Allow name query for MPI_DATATYPE_NULL. #10029

bosilca · 2022-02-19T19:16:36Z

Signed-off-by: George Bosilca [email protected]

jsquyres

In principle, I don't have a problem with this PR. But is it mandated by the MPI spec, or is this an extension?

In the description for MPI_TYPE_GET_NAME in MPI-4.0 (p385 -- or anywhere in section 7.8, "Naming Object" starting on p381), it doesn't explicitly mention that you can pass invalid handles (like MPI_DATATYPE_NULL) to the MPI_*_GET_NAME functions. Indeed, MPI-4.0 p383:33-36 somewhat kinda sorta implies that you can't:

Thus, the names of MPI_COMM_WORLD, MPI_COMM_SELF, and the communicator returned by MPI_COMM_GET_PARENT (if not MPI_COMM_NULL) will have the default of "MPI_COMM_WORLD", "MPI_COMM_SELF", and "MPI_COMM_PARENT".

That being said, if this issue is ambiguous in the MPI standard text, I'm in favor of this functionality because it's one less check that the application program needs to make before calling MPI_*_GET_NAME.

What do we do for the other MPI_*_GET_NAME functions?

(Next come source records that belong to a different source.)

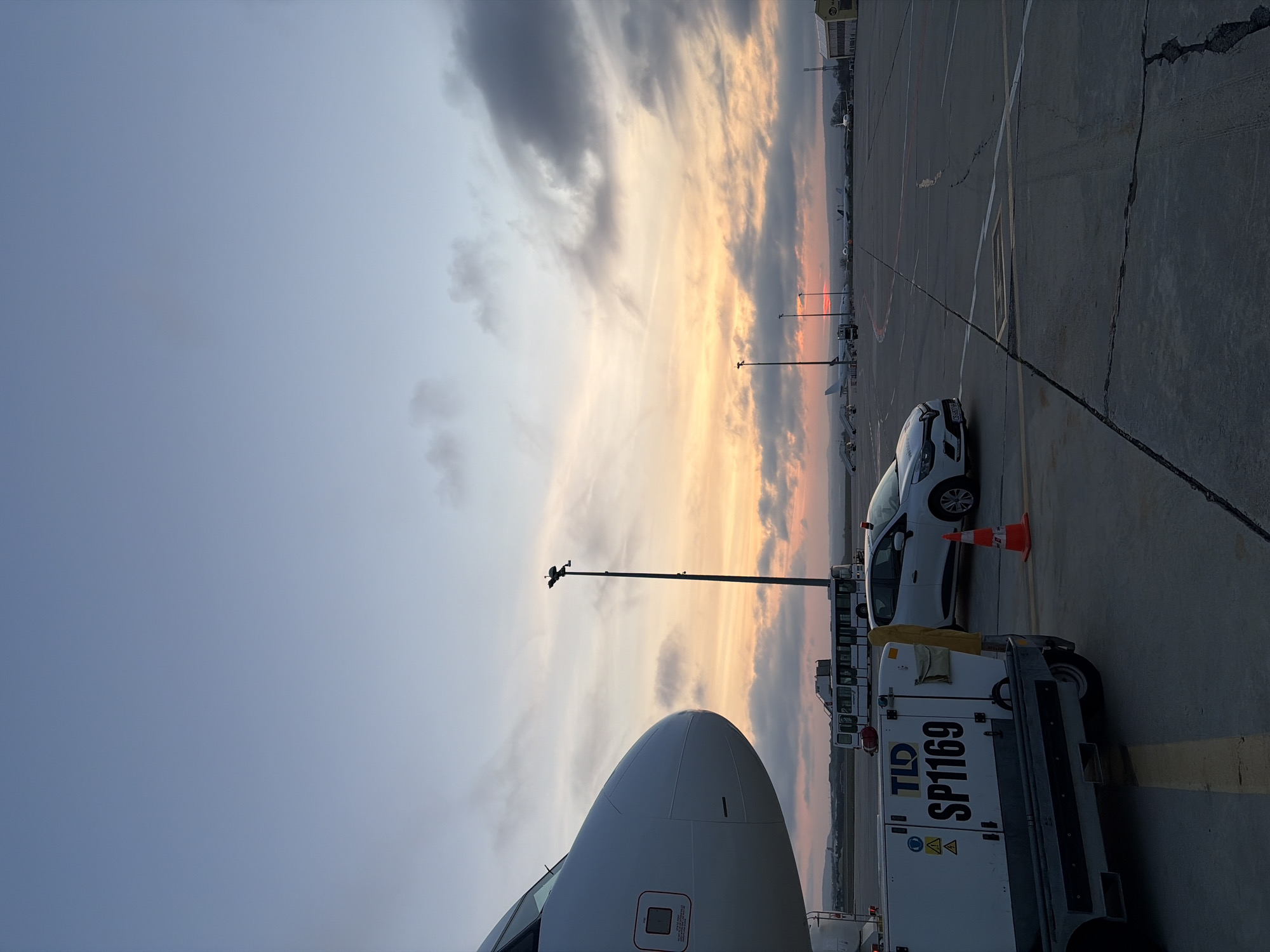 The image depicts an airport tarmac scene at Varna Airport (VAR/LBWN) in Varna, Bulgaria, during either sunrise or sunset. The sky transitions from a pale blue overhead to warm orange, pink, and yellow hues near the horizon, containing scattered dark grey clouds. In the immediate foreground on the left, the white nose and forward fuselage section of a commercial airliner are visible, partially cropped, featuring a red warning label near the cockpit. Adjacent to the aircraft, a white TLD ground support equipment unit, labeled "SP1169" and adorned with warning decals, is stationary on the tarmac. To the right of this equipment, a white Renault Clio hatchback, bearing a partially visible Bulgarian license plate, is parked. An orange traffic cone with a white reflective strip stands on the concrete tarmac near the car. The tarmac itself is dark grey, marked with white and red painted lines and exhibits surface cracks. In the midground and background, several other commercial airliners are parked on the tarmac, some partially obscured by the horizon. Multiple airport buses, tall airport lighting poles, and a yellow-sided airport building are also visible. No individuals are present in the scene.
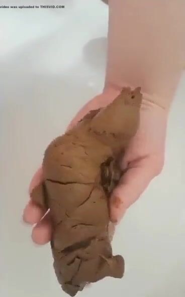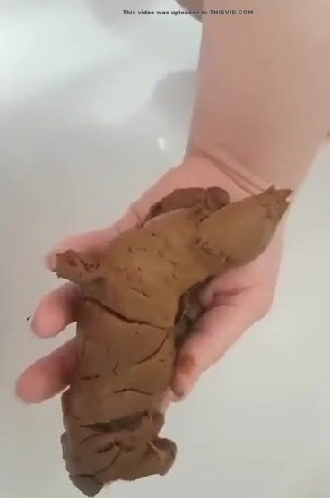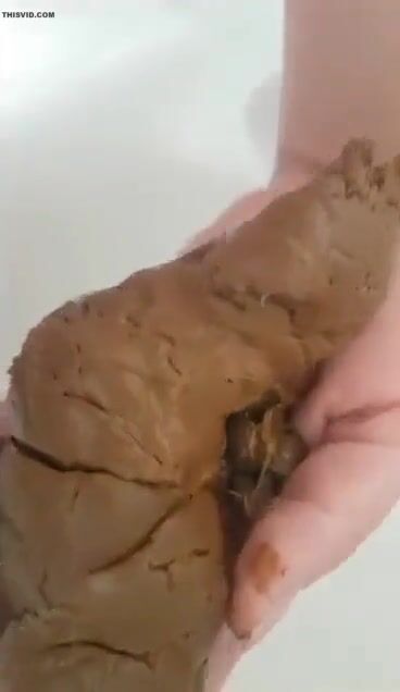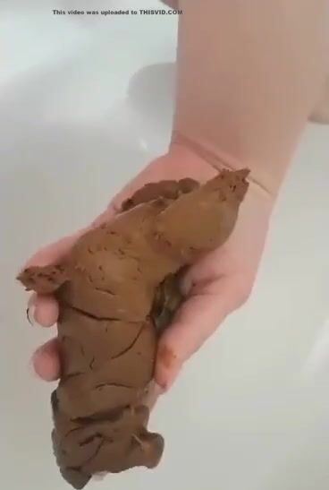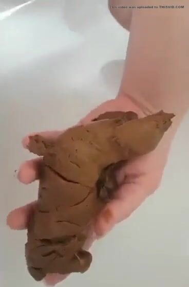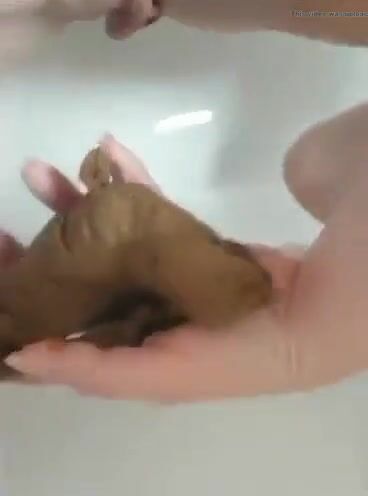 Woman poops in the palm of her hand
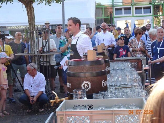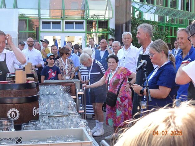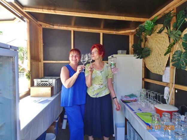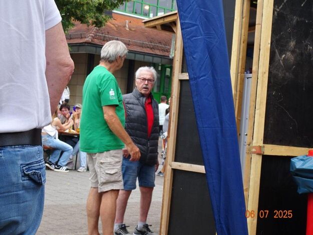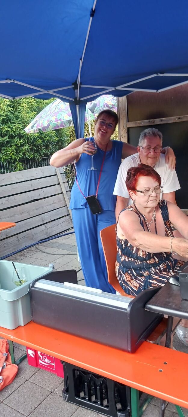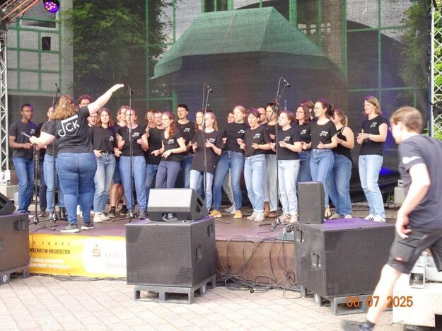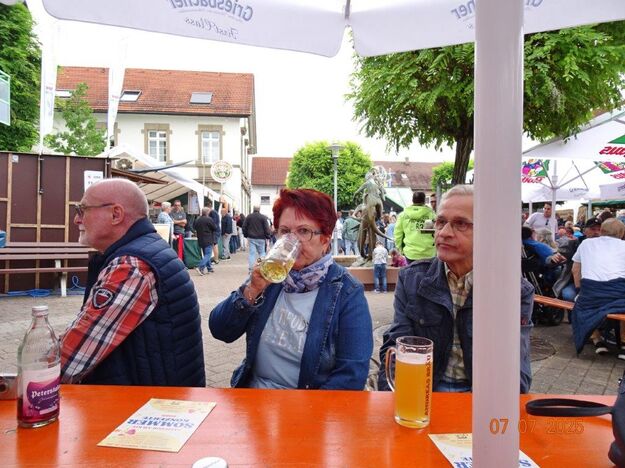 Unser Gemeindefusionsfest begann mit nahezu tropischen Temperaturen. Freitags, wenige Stunden vor Festbeginn, wurden noch fleißig unsere Hütten bestückt, nachdem Tage zuvor die Maultaschen-Produktion auf Hochtouren lief. Hier ein Danke an unsere Macher und Organisatoren Uschi und Rolf und ihre Mitstreiter. Gleichzeitig auch ein ganz herzliches Dankeschön an unseren Sponsor GLOBUS-Wiesental für die Spende. Natürlich auch danke an all unsere aktiven und passiven Mitglieder, die über die Festtage einen großartigen Dienst leisteten und unserem 1. Vorsitzenden Klaus Reinhardt, der immer rundum für Nachschub sorgte, mithilfe unseres 2. Vorsitzenden Markus Ksienzyk. Nur mit solcher Unterstützung kann das Ganze funktionieren! Um 18.00 Uhr erfolgte mit dem traditionellen Fassanstich durch unseren BGM Michael Möslang und der Begrüßung der Delegationen der Partnerschaftskommunen die feierliche Eröffnung des Festes. Und da war viel geboten, mit 3 Bühnen und vielen tollen Bands und anderen Unterhaltungsangeboten, von den Vereinen, Schulen und Ständen, die kulinarisch verwöhnten, Schaustellern und auch die Security und andere Dienste, die hier Bereitschaft hatten, nicht zu vergessen! Kurz, es war rundum für alles bestens gesorgt, um auf dem Festgelände schöne Stunden zu verbringen. Sonntags waren kühlere Temperaturen angesagt, eine richtige Wohltat nach den zwei ersten heißen Festtagen. Die von uns eingeladenen Chöre Da Capo aus Graben und der JCK vom KIT Karlsruhe waren pünktlich vor Ort, um bei unserem Bruderverein Sängerbund Linkenheim, der befreundete Chöre geladen hatte, aufzutreten. Beide Chöre sangen unter neuer Leitung und begeisterten mit modernem Liedgut das Publikum, wobei der JCK größenmäßig und stimmgewaltig beeindruckte und Lust auf sein Sommerkonzert machte. Die Stimmung vor Ort war gut und auch die Nachricht, dass gegen 18.00 Uhr unsere Maultaschen ausverkauft waren, ließ Freude aufkommen. Schade für die, die keine mehr bekamen, aber für uns das Zeichen, dass sie geschmeckt haben, wie wir auch immer wieder bestätigt bekamen. Fazit: Die Maultaschen könnten in unser Festprogramm aufgenommen werden – schaun wir mal. Der Sängermax und unsere Weinschorle waren auch der Renner, so hat sich die ganze Arbeit und Mühe gelohnt und den Verein zusammen geschweißt.
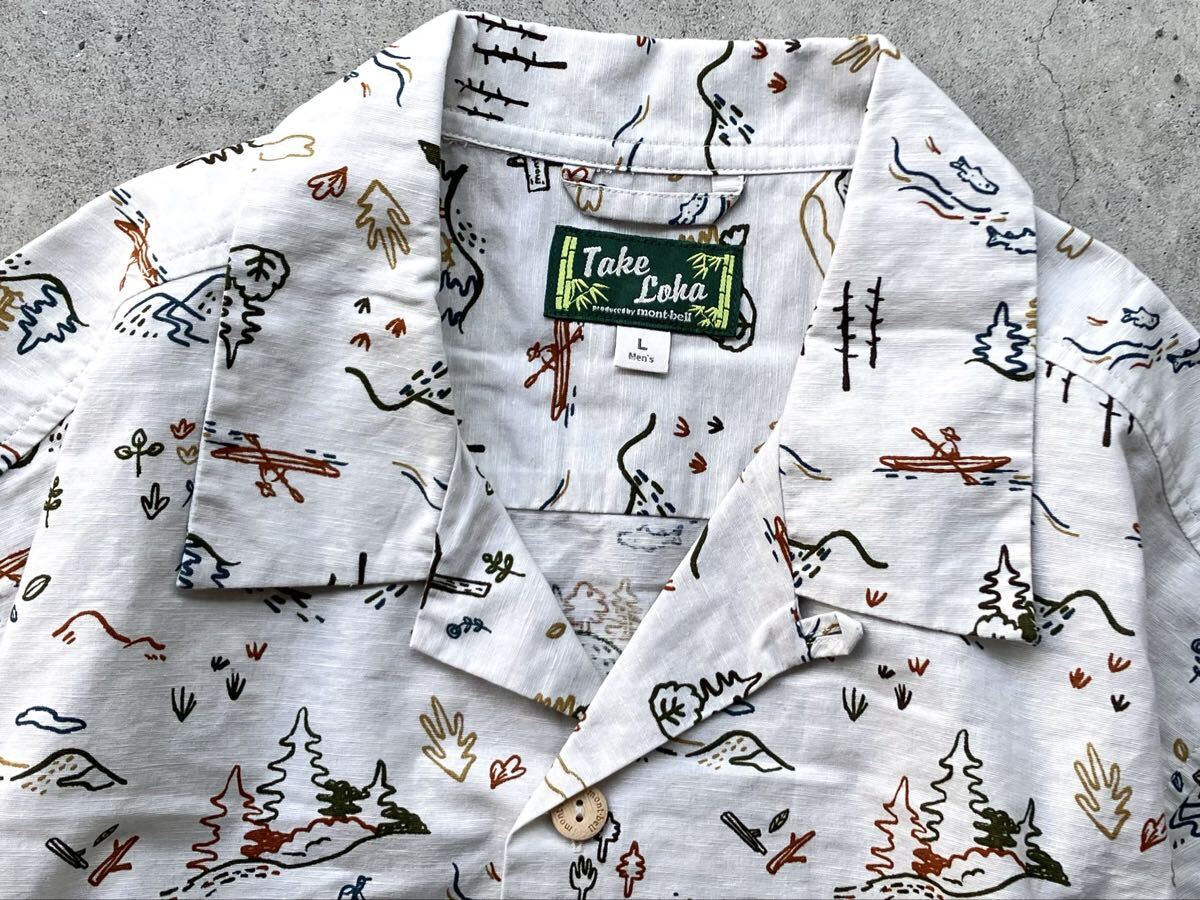 新品同様 mont-bell [Take Loha] L モンベル 2104776 メンズ 半袖 アロハシャツ タケロハ 竹ロハ 花柄 総柄 開襟 オープンカラー
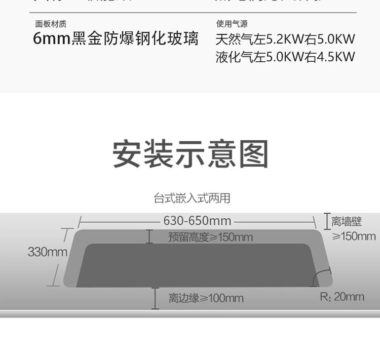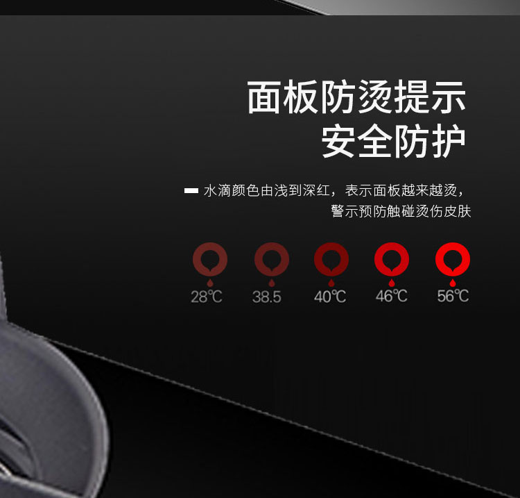 6、760mm黑晶防爆玻璃面板:時尚美觀好清潔。

Do we know what MPICH does here?

bosilca · 2022-02-20T16:59:04Z

The MPI standard define the name for all predefined datatypes, and MPI_DATATYPE_NULL is part of that group. Thus, I see no reason for the current in MPI_TYPE_GET_NAME that prevents the retrieval of its name.

jsquyres · 2022-02-20T17:10:07Z

I guess I'm a little confused. Can you cite where in MPI-4.0 it says that invalid handles such as MPI_DATATYPE_NULL should have a name returned from MPI_TYPE_GET_NAME? The only description I see under MPI_TYPE_GET_NAME (MPI-4.0 p385:23-24) says:

Named predefined datatypes have the default names of the datatype name. For example, MPI_WCHAR has the default name of "MPI_WCHAR".

It doesn't say that invalid handles are accepted by MPI_TYPE_GET_NAME. What am I missing?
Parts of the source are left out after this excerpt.